Die Reform des Gemeinsamen Europäischen Asylsystems GEAS soll im Juni 2026 in Kraft treten. Die Festung Europa wird nach dieser Reform noch enger abgesichert gegen Menschen, die in ihr Zuflucht und Schutz vor Krieg, Hunger, Verfolgung und den Folgen der Klimakatastrophe suchen oder dort einfach nur auf ein besseres Leben hoffen. Sie sollen erst gar nicht reingelassen, sondern an den Außengrenzen gesammelt und zurückgeschickt werden. Weit weg von kritischen Menschen und Organisationen werden Pushbacks, menschenunwürdige Lager und andere Grausamkeiten zunehmen. Die Botschaft ist klar: Kommt erst gar nicht zu uns! Wir wollen euch nicht!

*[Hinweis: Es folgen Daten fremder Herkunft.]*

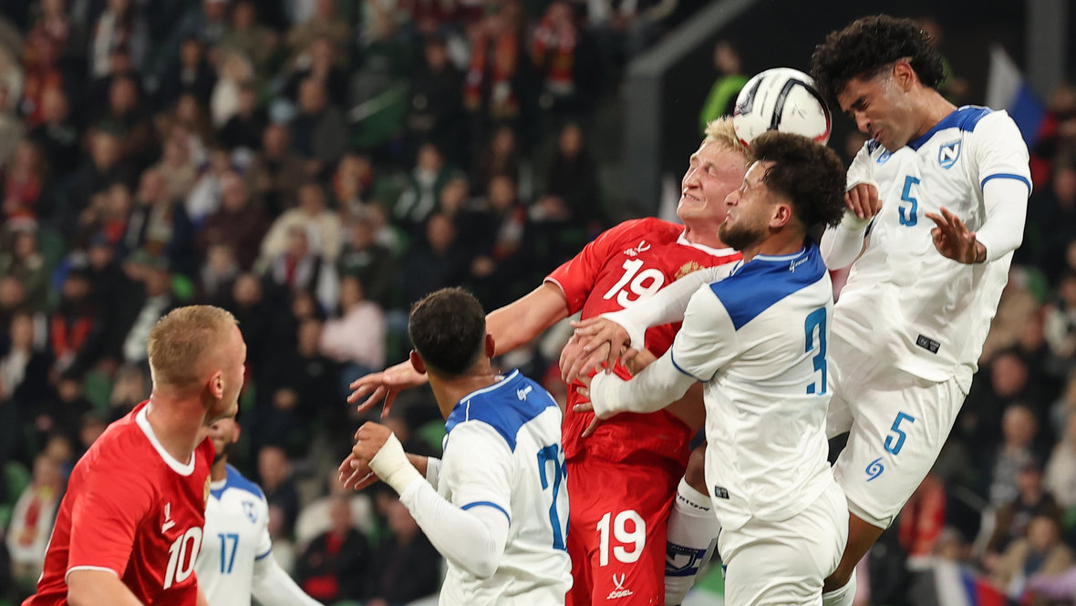 Nga (đỏ) trong trận thắng Nicaragua 3-1 tại Krasnodar. Ảnh: SE.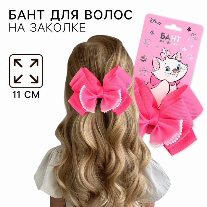 Бант для волос на заколке школьный, 11 см, Кошечка Мари — Характеристики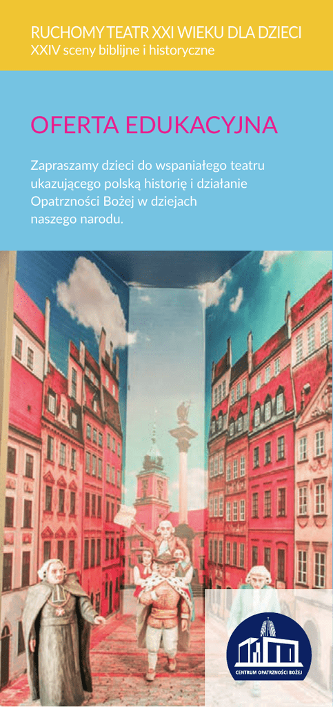 RUCHOMy TEATR XXI WIEKU DLA DZIECI XXIV sceny biblijne i historyczne OfERTA EDUKACyJnA Zapraszamy dzieci do wspaniałego teatru ukazującego polską historię i działanie Opatrzności Bożej w dziejach naszego narodu. EDUKACJA Ruchomy Teatr XXI wieku dla dzieci to wspaniała lekcja historii, religii i sztuki w jednym. Atrakcyjna oprawa teatralna wprowadza dzieci w fascynujący świat historii, dostarczając im niezapomnianych przeżyć oraz potężnej dawki wiedzy. To spektakularne połączenie tradycji i nowoczesności ukazuje, w jaki sposób nad Polską czuwała Opatrzność Boża. Forma teatru dostosowana jest do młodego wieku odbiorcy. Figurki teatralne zachwycają precyzją wykonania. Obrotowe sceny, poruszające się lalki, scenografia, gra świateł, muzyka oraz ciekawie opowiadana przez narratora historia wprowadzają w tematykę działania Bożej Opatrzności na tle dziejów Polski tak, że trudno się od niej oderwać zarówno dziecku, jak i osobie dorosłej. Po obejrzeniu spektaklu na widzów czeka niespodzianka! Przez moment poczują się jak aktorzy i staną na deskach teatru. Ruchomy Teatr XXI wieku dla dzieci na 45 minut przenosi widza w czasy od stworzenia świata do odzyskania przez Polskę niepodległości. InnOWACJA Ruchomy Teatr XXI wieku to interaktywne narzędzie edukacyjne przygotowane z myślą o dzieciach w wieku od 4 do 12 lat. Historia Polski w perspektywie działania Opatrzności Bożej jest przedstawiona: • • • • w 3 aktach, w 24 kolorowych scenach teatralnych, od stworzenia świata aż po czasy współczesne, za pomocą 200 precyzyjnie wyrzeźbionych lalek, dzięki doskonale przygotowanej i przedstawionej narracji. JAK I KIEDy? Spektakle: codziennie w godz. od 10:00 do 17:00 Liczba osób w grupie powinna mieć minimum 10 osób, a maksymalnie 25 osób. Ceny biletów wstępu do Teatru XXI wieku dla dzieci: ulgowy dla dziecka – 2 zł normalny dla osoby dorosłej – 4 zł rodzinny – 10 zł grupowy (grupa do 25 os.) – 50 zł Czas spektaklu: 45 min Ceny biletów łączonych (zwiedzanie Teatru i Panteonu Wielkich Polaków): ulgowy dla dziecka – 5 zł normalny dla osoby dorosłej – 7 zł rodzinny – 14 zł grupowy (grupa do 25 os.) – 80 zł Czas zwiedzania: 75 min Bilety do nabycia w Punkcie Informacyjnym Centrum Opatrzności Bożej Dla grup zorganizowanych z dziećmi niepełnosprawnymi bądź wychowującymi się w domach dziecka lub innych placówkach opiekuńczych – wstęp jest bezpłatny. Zgłoszenia grup przyjmujemy pod adresem: [email protected] lub telefonicznie: 22 201 97 12 www.dladzieci.centrumopatrznosci.pl MECENAS STRATEGICZNY Ruchomego Teatru XXI wieku TWÓRCY Twórcy projektu: Centrum Opatrzności Bożej Generalny wykonawca: SOS MUSIC spółka jawna Koncepcja artystyczna, scenariusz: Zbigniew Lisowski, Wojciech Zaguła Reżyseria: Zbigniew Lisowski Scenografia, projekty lalek: Mikołaj Malesza Automatyka scen i lalek: ABM Space Education sp. z o.o. Narracja: Zbigniew Lisowski oraz Malina Prześluga Muzyka: Grzegorz Urban Projekt powstał w konsultacji: Ks. Janusz Stańczuk, Muzeum Jana Pawła II i Prymasa Wyszyńskiego, Wydział Duszpasterstwa Ogólnego Archidiecezji Warszawskiej LOKALIZACJA Ruchomy Teatr XXI wieku dla dzieci znajduje się w otoczeniu Panteonu Wielkich Polaków w Świątyni Opatrzności Bożej. Panteon stanowi miejsce pochówku osób wybitnych, których świadectwo życia wpisuje się głęboko w historię naszego kraju. W Panteonie znajdują się również relikwie świętych i błogosławionych: św. Jana Pawła II, św. Andrzeja Boboli, bł. Jerzego Popiełuszki oraz bł. Edmunda Bojanowskiego. Zwiedzaniu Panteonu towarzyszy opowieść o historii budowy Świątyni Opatrzności Bożej. Jak dojechać? ul. Ks. Prymasa Augusta Hlonda 1 02-972 Warszawa Wilanów Dojazd: A Aleja Nie i łośc g podle zak Hlo a nd Kli A sa ma ka ows Wil an mc ta Ks M ry .P kie ms zoli ero J leje Centrum M Puławska ka ows załk s Mar Wilanowska iak Czern ego ski bie So ja Ale ej olit osp zyp c e Rz us ug owska Ale ja i ws Po a k ńs a icz tn ier W a Autobus linii 217 z Metra Wilanowska, przystanek: Świątynia Opatrzności Bożej; Autobus linii 522 z Metra Centrum, przystanek: Świątynia Opatrzności Bożej. Lokalizacja i otoczenie Centrum Opatrzności Bożej umożliwia zorganizowanie całodniowej wycieczki klasowej. W okolicy znajdują się: Pałac i ogród w Wilanowie, wa ółko Ogród Botaniczny ycz Prz w Powsinie.

Die Kampagne für die Abschaffung des Asylbewerberleistungsgesetzes mobilisierte zum gestrigen Samstag nach Stuttgart zur landesweiten Demo „Schluss mit rassistischer Sozialpolitik! NEIN zur Bezahlkarte und zur GEAS-Reform“. Über 150 Menschen aus ganz Baden-Württemberg folgten dem Aufruf und zeigten bei anhaltendem Regen ihre Ablehnung gegen ein rassistisches System, das Menschen ausgrenzt und ihrer Würde beraubt.
Auf der Auftaktkundgebung am Schlossplatz sprachen Vertreter von Aktion Bleiberecht Freiburg und dem Flüchtlingsrat Baden-Württemberg. Ein Geflüchteter erzählte aus Betroffenenperspektive von seinen kafkaesken und zehrenden Erlebnissen in der deutschen Ämterbürokratie.

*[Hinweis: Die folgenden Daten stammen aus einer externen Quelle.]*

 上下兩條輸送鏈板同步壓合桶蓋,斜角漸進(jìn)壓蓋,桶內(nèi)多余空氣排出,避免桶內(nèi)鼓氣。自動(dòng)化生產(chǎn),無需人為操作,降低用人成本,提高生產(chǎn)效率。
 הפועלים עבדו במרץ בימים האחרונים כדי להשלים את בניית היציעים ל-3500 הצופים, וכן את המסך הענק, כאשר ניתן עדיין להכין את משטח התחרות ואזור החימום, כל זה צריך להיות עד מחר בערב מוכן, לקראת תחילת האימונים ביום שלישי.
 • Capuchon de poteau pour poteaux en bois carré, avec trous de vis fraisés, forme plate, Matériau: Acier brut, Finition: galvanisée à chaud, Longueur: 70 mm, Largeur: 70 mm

Danach zog die Demo mit einer Trommelgruppe und lautstarken Sprechchören durch die Innenstadt in den Schlossgarten vor den Landtag, wie die anwesenden Bullen peinlich genau auf die Einhaltung der Bannmeile achteten. Nach einer Stunde wurde die Demo, wieder am Schlossplatz angekommen, beendet.
150 Menschen auf einer landesweiten Demo zu Kernanliegen der Linken: Bewegungsfreiheit für alle Menschen und Solidarität mit Geflüchteten. Das ist zu wenig. Und wie schon bei der landesweiten Demo zum selben Thema in Pforzheim im Juni 2024: Das ist ernüchternd und zeigt aber auch, wo wir gerade stehen.
Seit dem 29. Januar findet die Veranstaltungsreihe „Solidarisches Handeln im Dreiländereck. Gegen den autoritären Umbau des Asyl- & Grenzsystems“ in Freiburg statt.
Am 18. April findet zur GEAS-Reform eine Dreiländereck-Demo in Basel, Weil am Rhein und Huningue statt.
No borders, no nations!
Wer kommen will, soll kommen!
Für freies Fluten!
Für die Anarchie!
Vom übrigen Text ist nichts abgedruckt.